» RECORDED DATA:
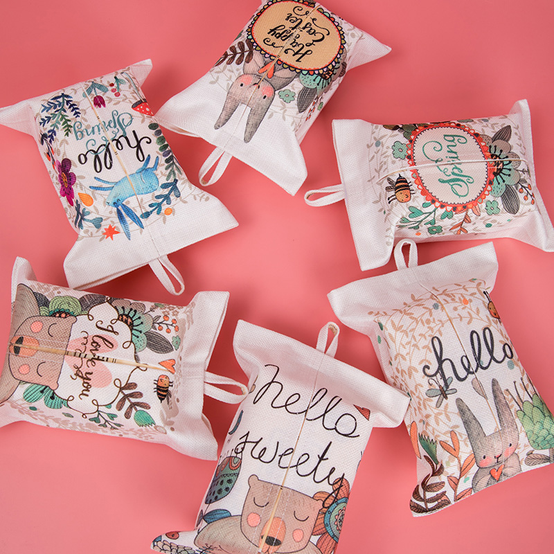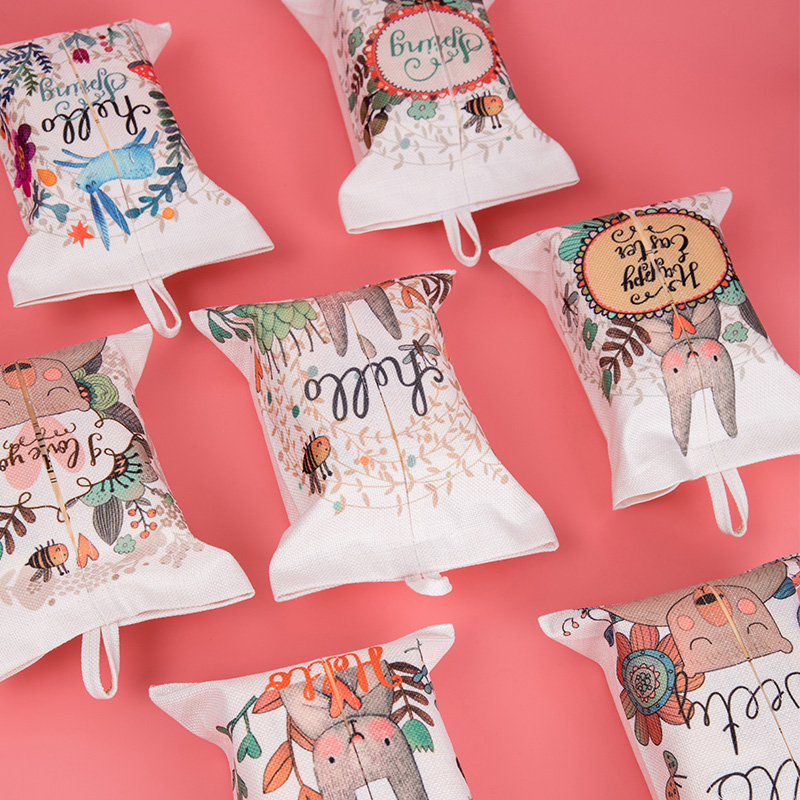 Nordic ins cute bunny paper towel set cotton linen fabric office home bedroom paper towel bag can be hung
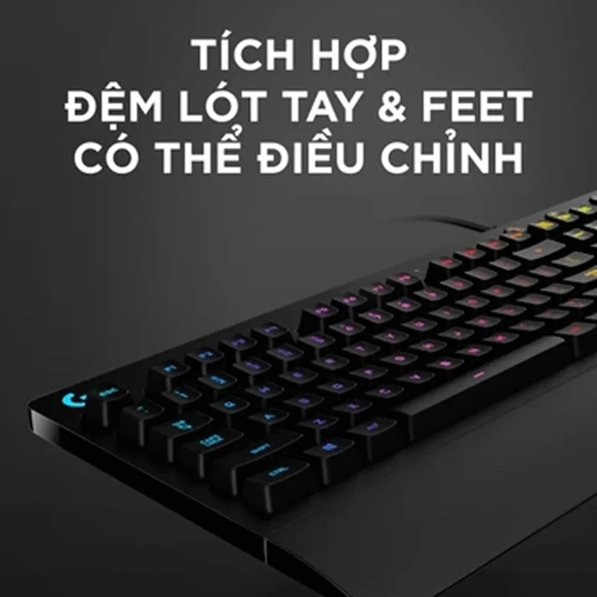Logitech G213 Prodigy khác hẳn với những mẫu bàn phím gaming khác của Logitech nhờ vào thiết kế phím giả cơ độc đáo. Thay vi phím cơ, G213 Prodigy sử dụng cơ chế phím lõm và được Logitech hiệu chỉnh riêng giúp giữ độ cao tối đa. Hành trình phím 4mm, lực tác động 50g giúp tạo trải nghiệm gõ phím êm nhẹ và đầy yên tĩnh. Thiết kế đệm kê tay và chân nghiêng của Logitech G213 Prodigy giúp bạn dễ điều chỉnh vị trí đặt tay, tăng tính thoải mái khi gõ phím.
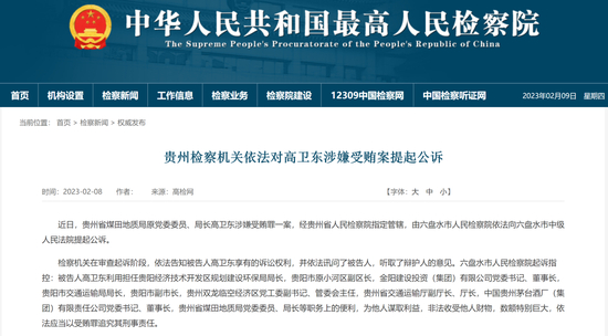 2月8日,最高人民检察院发布的消息称,高卫东涉嫌受贿罪一案,已由六盘水市人民检察院依法向六盘水市中级人民法院提起公诉。就在十天前,贵州省纪委监委反复专题片《一严到底——贵州正风肃纪反腐》中,刚刚披露了高卫东的贪腐细节。
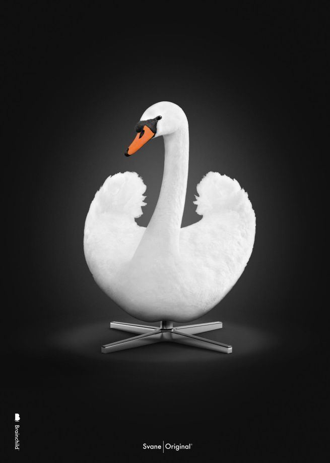 Brainchild tager ordene helt bogstaveligt og følger de danske designklassikere tilbage til originalen – tilbage til de ord, der inspirerede formgivningen. Brainchild har designet den fineste plakat med Hvid Svane med sort baggrund.

» PROBLEM STATEMENT: Give again, word for word, the lines above from the first one through the one containing "Logitech G213 Prodigy khác"; no pictures.

» ANSWER SPACE:
 Nordic ins cute bunny paper towel set cotton linen fabric office home bedroom paper towel bag can be hung
Logitech G213 Prodigy khác hẳn với những mẫu bàn phím gaming khác của Logitech nhờ vào thiết kế phím giả cơ độc đáo. Thay vi phím cơ, G213 Prodigy sử dụng cơ chế phím lõm và được Logitech hiệu chỉnh riêng giúp giữ độ cao tối đa. Hành trình phím 4mm, lực tác động 50g giúp tạo trải nghiệm gõ phím êm nhẹ và đầy yên tĩnh. Thiết kế đệm kê tay và chân nghiêng của Logitech G213 Prodigy giúp bạn dễ điều chỉnh vị trí đặt tay, tăng tính thoải mái khi gõ phím.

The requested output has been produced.